Work item -> From the material below, reproduce exactly the stretch of lines that begins with the line holding "Tak je to tady." and ends with the line holding "Modernissa vuosisadan puolivälin", skipping the pictures.

Exercise material ->
- - - - -

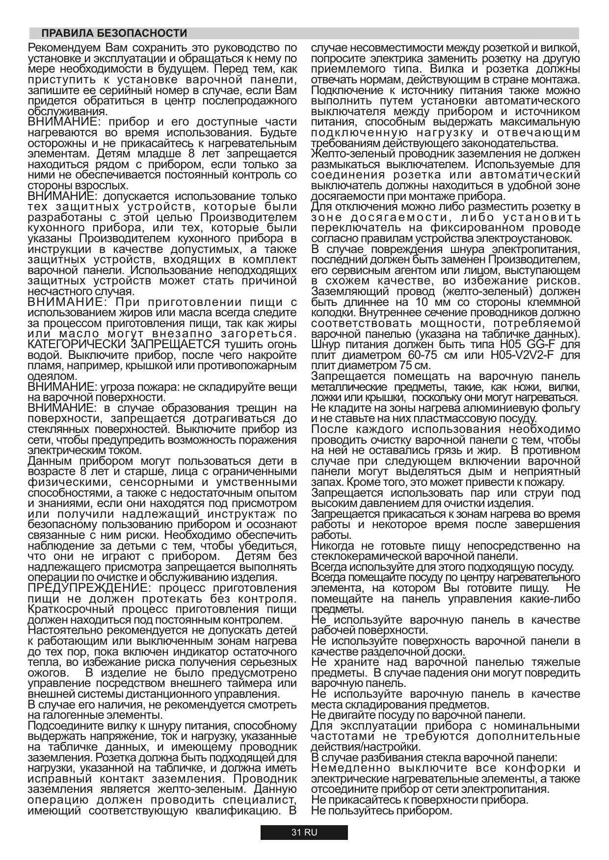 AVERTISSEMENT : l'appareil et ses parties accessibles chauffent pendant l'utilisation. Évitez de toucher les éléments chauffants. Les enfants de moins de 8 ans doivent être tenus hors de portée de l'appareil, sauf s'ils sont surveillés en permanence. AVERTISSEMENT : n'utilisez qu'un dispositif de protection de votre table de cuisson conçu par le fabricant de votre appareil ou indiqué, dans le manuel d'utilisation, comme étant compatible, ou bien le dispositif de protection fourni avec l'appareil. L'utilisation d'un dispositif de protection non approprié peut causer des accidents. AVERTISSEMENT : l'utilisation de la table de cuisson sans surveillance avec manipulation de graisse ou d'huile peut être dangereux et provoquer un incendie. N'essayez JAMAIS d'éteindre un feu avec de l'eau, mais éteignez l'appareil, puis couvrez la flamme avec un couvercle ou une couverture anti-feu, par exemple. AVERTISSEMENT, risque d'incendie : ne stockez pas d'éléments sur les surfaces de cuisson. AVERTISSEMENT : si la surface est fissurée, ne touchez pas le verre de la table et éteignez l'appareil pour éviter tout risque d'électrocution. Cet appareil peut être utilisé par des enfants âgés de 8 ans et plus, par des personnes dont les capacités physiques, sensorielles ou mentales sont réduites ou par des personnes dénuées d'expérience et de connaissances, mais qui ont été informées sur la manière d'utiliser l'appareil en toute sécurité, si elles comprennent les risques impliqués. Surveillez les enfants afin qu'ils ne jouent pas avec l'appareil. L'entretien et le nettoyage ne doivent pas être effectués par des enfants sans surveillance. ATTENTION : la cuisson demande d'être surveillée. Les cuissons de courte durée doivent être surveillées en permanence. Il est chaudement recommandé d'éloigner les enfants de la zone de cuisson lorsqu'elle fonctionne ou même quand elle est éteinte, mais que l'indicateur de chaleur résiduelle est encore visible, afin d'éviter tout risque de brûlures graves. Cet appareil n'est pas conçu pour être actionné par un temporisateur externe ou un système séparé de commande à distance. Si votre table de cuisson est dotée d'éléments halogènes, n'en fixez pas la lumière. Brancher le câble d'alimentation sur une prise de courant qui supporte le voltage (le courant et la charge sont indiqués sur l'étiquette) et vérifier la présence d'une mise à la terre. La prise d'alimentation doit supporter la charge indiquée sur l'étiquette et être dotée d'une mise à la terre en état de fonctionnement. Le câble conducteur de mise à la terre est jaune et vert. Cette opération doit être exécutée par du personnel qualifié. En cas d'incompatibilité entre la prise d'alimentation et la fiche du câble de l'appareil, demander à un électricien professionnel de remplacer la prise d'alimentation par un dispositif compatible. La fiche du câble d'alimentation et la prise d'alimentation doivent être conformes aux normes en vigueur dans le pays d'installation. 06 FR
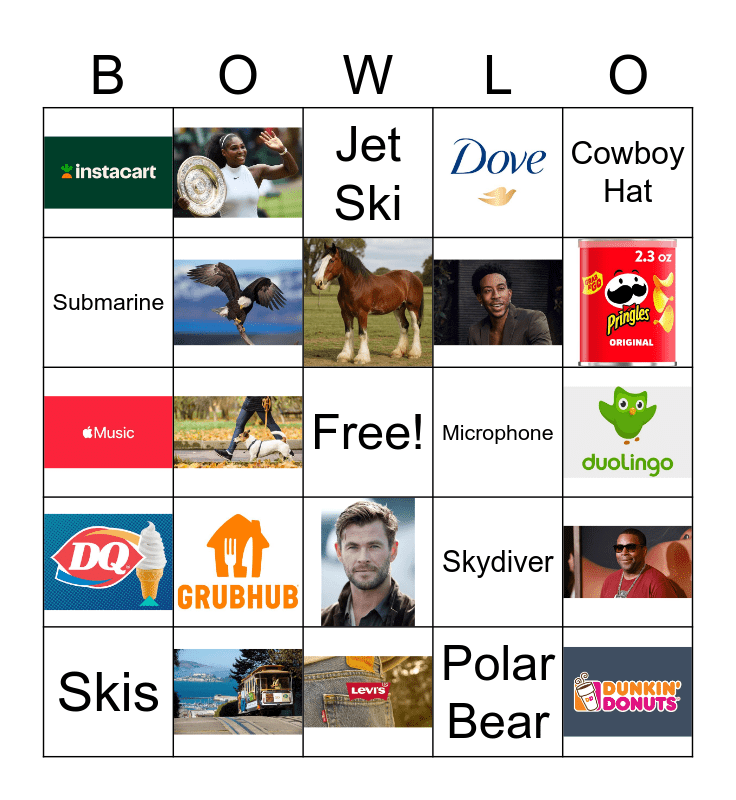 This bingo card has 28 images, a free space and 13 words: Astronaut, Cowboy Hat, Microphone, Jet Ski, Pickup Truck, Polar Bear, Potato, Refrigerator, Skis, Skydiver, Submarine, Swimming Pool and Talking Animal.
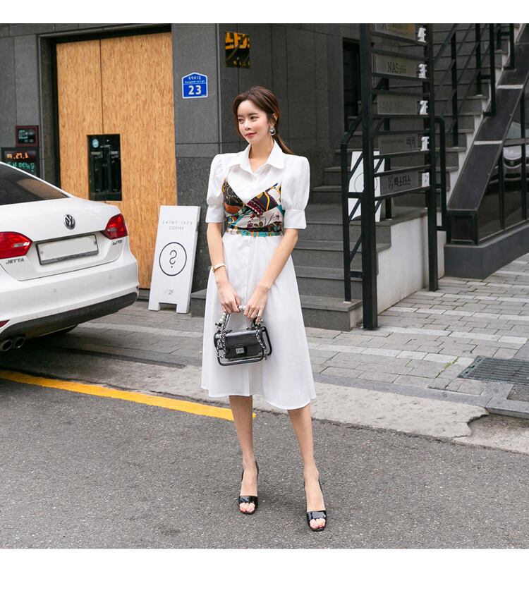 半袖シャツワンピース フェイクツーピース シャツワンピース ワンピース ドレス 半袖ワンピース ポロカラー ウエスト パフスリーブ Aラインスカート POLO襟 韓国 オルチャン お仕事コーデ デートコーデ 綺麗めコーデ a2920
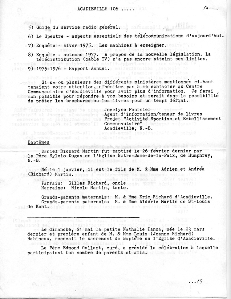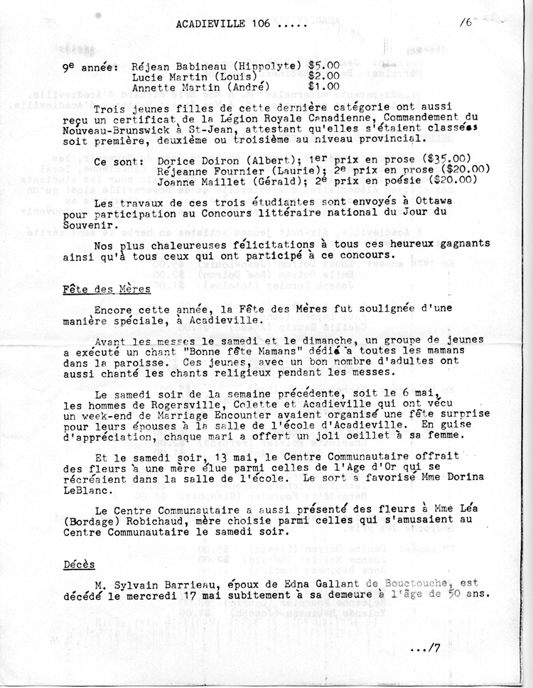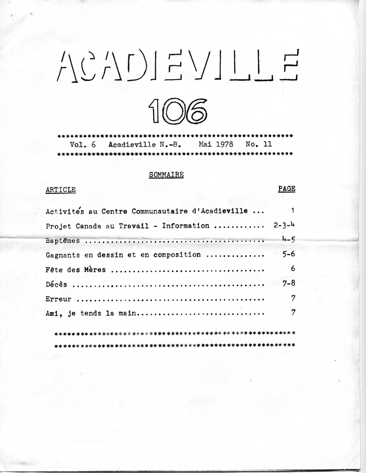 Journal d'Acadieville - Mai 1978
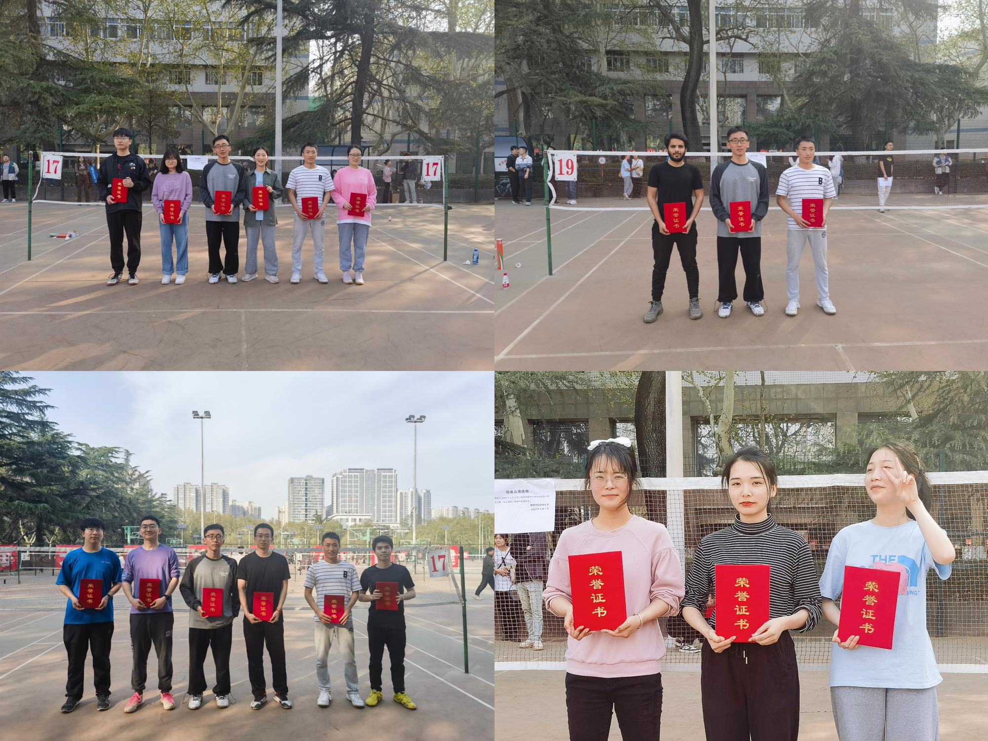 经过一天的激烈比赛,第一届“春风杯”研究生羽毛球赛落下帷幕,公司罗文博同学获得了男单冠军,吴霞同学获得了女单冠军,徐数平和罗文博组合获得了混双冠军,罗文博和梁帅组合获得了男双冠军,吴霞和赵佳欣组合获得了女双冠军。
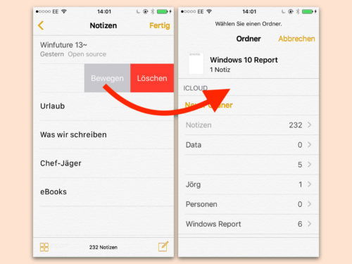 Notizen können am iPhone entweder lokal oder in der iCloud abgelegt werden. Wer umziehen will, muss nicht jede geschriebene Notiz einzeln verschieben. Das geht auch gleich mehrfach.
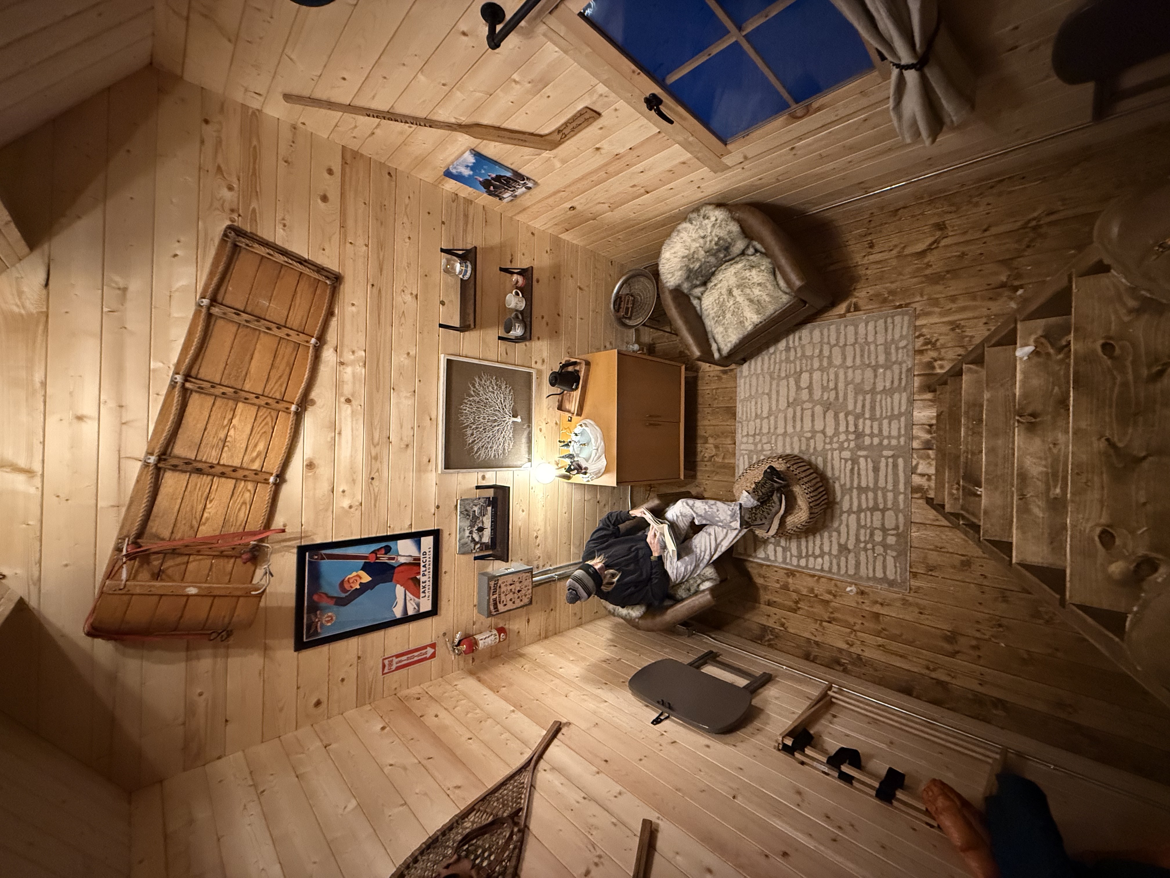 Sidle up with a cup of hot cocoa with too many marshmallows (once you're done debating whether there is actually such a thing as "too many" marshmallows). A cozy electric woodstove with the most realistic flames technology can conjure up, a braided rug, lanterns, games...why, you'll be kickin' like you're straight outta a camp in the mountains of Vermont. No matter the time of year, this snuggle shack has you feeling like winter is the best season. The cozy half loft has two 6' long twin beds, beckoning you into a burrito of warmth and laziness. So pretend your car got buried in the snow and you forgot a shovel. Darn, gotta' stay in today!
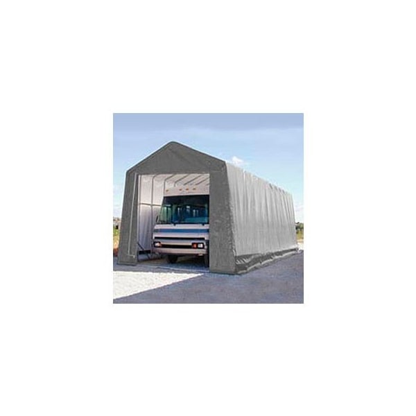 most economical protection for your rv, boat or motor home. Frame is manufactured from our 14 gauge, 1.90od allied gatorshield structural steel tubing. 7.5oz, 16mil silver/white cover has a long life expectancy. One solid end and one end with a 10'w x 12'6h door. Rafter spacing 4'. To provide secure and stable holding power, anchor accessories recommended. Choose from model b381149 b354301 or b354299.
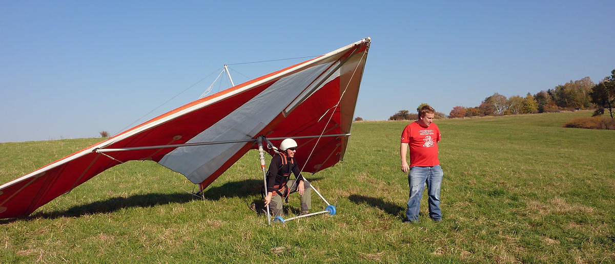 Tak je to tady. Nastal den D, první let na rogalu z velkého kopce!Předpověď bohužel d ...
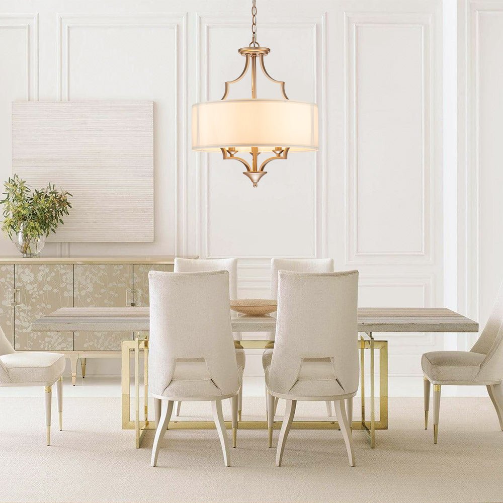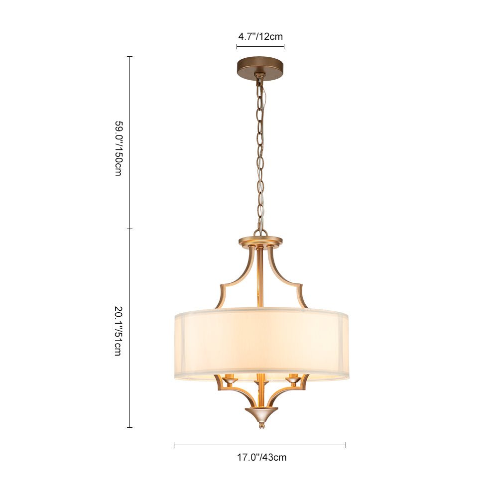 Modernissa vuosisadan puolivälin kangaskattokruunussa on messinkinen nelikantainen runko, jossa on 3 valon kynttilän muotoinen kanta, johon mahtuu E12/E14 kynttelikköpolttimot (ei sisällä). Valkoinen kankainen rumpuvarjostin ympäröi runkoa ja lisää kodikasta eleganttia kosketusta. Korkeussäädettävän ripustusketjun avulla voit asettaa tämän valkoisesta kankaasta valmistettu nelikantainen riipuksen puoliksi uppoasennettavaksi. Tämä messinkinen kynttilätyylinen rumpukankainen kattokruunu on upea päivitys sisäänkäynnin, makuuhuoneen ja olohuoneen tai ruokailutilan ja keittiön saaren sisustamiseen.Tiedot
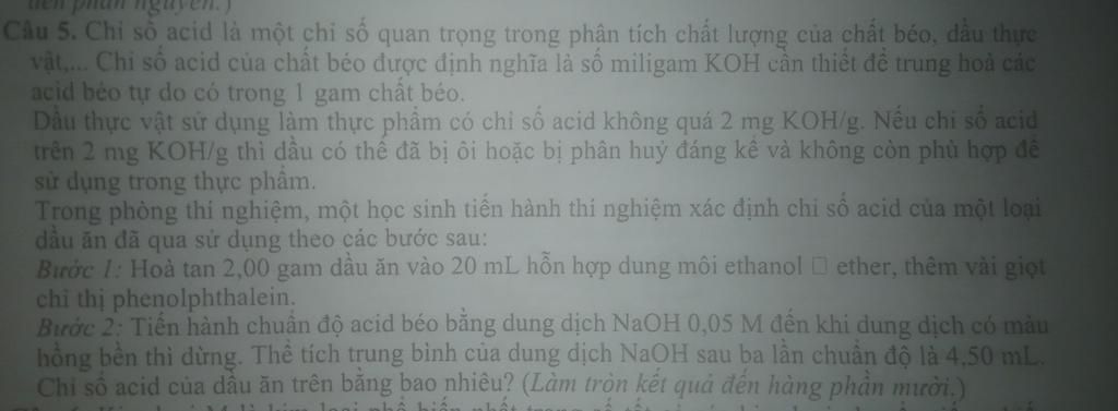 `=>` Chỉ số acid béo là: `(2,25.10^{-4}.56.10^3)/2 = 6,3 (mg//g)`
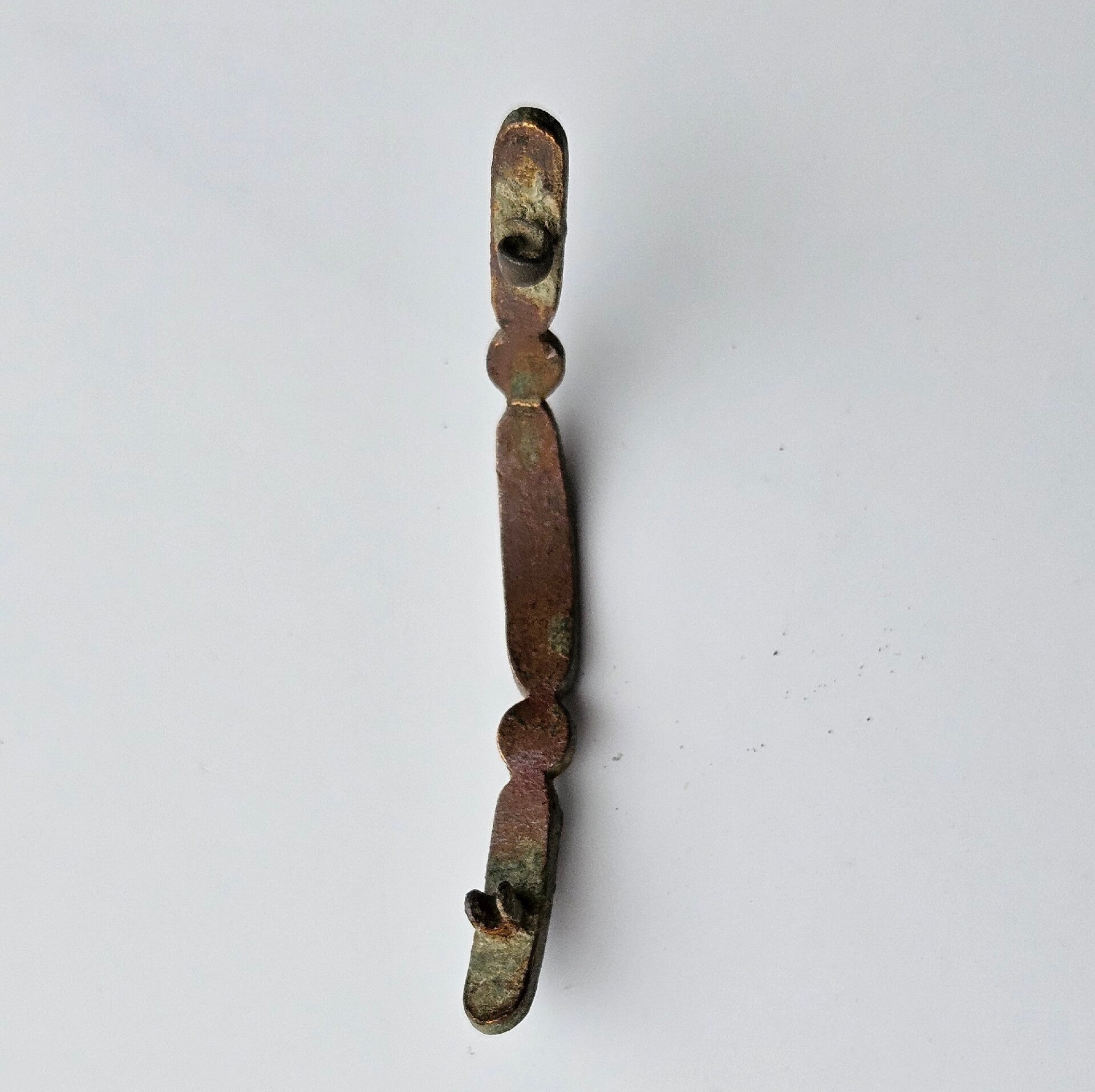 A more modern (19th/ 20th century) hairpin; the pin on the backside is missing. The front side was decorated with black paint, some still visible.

- - - - -

Response to this task ->
 Tak je to tady. Nastal den D, první let na rogalu z velkého kopce!Předpověď bohužel d ...
 Modernissa vuosisadan puolivälin kangaskattokruunussa on messinkinen nelikantainen runko, jossa on 3 valon kynttilän muotoinen kanta, johon mahtuu E12/E14 kynttelikköpolttimot (ei sisällä). Valkoinen kankainen rumpuvarjostin ympäröi runkoa ja lisää kodikasta eleganttia kosketusta. Korkeussäädettävän ripustusketjun avulla voit asettaa tämän valkoisesta kankaasta valmistettu nelikantainen riipuksen puoliksi uppoasennettavaksi. Tämä messinkinen kynttilätyylinen rumpukankainen kattokruunu on upea päivitys sisäänkäynnin, makuuhuoneen ja olohuoneen tai ruokailutilan ja keittiön saaren sisustamiseen.Tiedot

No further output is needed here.